# retire to spain



## mal45 (Nov 6, 2009)

hi my name is marian my husband is jerry

we are retiring to spain in one year time and would like to hear froom eny one living in pinoso or encebras wont to no if it is the right place for us have been out to pinoso in may 210 and loved it i am a christian and would like to no where there is a church i no of the vinyard and would like to hear froom eny body how has been ther so i can make friends. i am a very social person and we booth wont to meet people.
marian gerry


----------



## dunmovin (Dec 19, 2008)

mal45 said:


> hi my name is marian my husband is jerry
> 
> we are retiring to spain in one year time and would like to hear froom eny one living in pinoso or encebras wont to no if it is the right place for us have been out to pinoso in may 210 and loved it i am a christian and would like to no where there is a church i no of the vinyard and would like to hear froom eny body how has been ther so i can make friends. i am a very social person and we booth wont to meet people.
> marian gerry


Without doubting your honesty, nor your education, nor typing skill....( everyone here knows I have a PhD intYpiNg errors) Asides that,you rchoice of location in this country is down to personal choice. 

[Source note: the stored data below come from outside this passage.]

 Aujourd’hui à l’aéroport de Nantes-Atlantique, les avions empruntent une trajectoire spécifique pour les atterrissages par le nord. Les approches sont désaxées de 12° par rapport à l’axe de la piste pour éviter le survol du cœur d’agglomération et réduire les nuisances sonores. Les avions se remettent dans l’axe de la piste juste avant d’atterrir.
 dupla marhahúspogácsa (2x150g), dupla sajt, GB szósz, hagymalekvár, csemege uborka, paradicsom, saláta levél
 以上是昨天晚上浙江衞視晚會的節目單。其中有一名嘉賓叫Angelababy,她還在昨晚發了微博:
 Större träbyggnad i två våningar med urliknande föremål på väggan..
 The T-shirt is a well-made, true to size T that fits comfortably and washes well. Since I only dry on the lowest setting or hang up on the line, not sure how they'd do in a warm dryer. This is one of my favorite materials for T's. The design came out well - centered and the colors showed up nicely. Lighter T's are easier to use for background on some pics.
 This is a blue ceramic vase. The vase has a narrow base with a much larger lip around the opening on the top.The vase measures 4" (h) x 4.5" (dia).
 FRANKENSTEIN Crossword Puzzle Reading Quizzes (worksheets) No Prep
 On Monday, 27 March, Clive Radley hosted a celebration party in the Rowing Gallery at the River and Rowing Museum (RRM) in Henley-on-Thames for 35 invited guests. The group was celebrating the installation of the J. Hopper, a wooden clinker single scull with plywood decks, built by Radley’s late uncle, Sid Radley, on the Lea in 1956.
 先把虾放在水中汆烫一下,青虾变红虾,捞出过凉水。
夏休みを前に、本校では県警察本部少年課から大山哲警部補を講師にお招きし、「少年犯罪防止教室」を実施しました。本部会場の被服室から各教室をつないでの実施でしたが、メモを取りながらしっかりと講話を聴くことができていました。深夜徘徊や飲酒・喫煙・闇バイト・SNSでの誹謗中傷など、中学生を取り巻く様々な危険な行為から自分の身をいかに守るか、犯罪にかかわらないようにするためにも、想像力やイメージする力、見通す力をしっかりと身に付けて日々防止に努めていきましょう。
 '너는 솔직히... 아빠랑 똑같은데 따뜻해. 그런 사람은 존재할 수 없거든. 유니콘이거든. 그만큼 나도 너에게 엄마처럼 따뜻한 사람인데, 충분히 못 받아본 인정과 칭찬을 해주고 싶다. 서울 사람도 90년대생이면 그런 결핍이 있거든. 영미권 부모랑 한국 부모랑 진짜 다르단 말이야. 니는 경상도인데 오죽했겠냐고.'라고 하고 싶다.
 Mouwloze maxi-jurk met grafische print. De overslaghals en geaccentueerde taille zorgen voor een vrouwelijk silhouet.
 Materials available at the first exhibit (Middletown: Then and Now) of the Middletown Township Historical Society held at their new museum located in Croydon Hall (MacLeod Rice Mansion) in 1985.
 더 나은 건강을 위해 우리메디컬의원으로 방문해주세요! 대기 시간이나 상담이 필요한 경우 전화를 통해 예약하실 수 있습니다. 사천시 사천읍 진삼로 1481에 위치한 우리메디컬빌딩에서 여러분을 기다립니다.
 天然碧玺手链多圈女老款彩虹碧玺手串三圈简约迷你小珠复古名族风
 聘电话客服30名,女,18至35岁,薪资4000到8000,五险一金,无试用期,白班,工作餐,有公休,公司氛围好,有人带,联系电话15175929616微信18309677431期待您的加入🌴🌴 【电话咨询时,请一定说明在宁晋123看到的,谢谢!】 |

there are many churches, all over the place(whichever place you choose)


Just don't...please don't, decide to come here on the basis of a 14day hol in 2010, where it was nice.... before you done the research of what living here involves. For 1st time expatsit can be a dream, but it so easily turns into a nightmare. be wary


----------



## Stravinsky (Aug 12, 2007)

dunmovin said:


> Without doubting your honesty, nor your education, nor typing skill....( everyone here knows I have a PhD intYpiNg errors) Asides that,you rchoice of location in this country is down to personal choice.
> 
> there are many churches, all over the place(whichever place you choose)
> 
> ...


According to past posts they have been there three tiimes


----------



## jojo (Sep 20, 2007)

mal45 said:


> hi my name is marian my husband is jerry
> 
> we are retiring to spain in one year time and would like to hear froom eny one living in pinoso or encebras wont to no if it is the right place for us have been out to pinoso in may 210 and loved it i am a christian and would like to no where there is a church i no of the vinyard and would like to hear froom eny body how has been ther so i can make friends. i am a very social person and we booth wont to meet people.
> marian gerry



You need to come over for a few visits. That way you can learn about the area, find the church, the bar, the shops and meet some of the people and make friends that way. 

Jo xxx


----------



## djfwells (Sep 28, 2009)

Another consideration you may need to think about - and one that I know is important to many retirees moving here to Spain is Healthcare.
Although your say you are retired, you don't say if you are entitled to Free State Healthcare here in Spain or not. Please do not automatically assume that this will be handed to you on a plate upon arrival. IF you are eligible for state healthcare there are certain procedures that you must follow, and this is something that catches a ew people on the hop. Please look into this and familiarise yourself with the process before you arrive here.


----------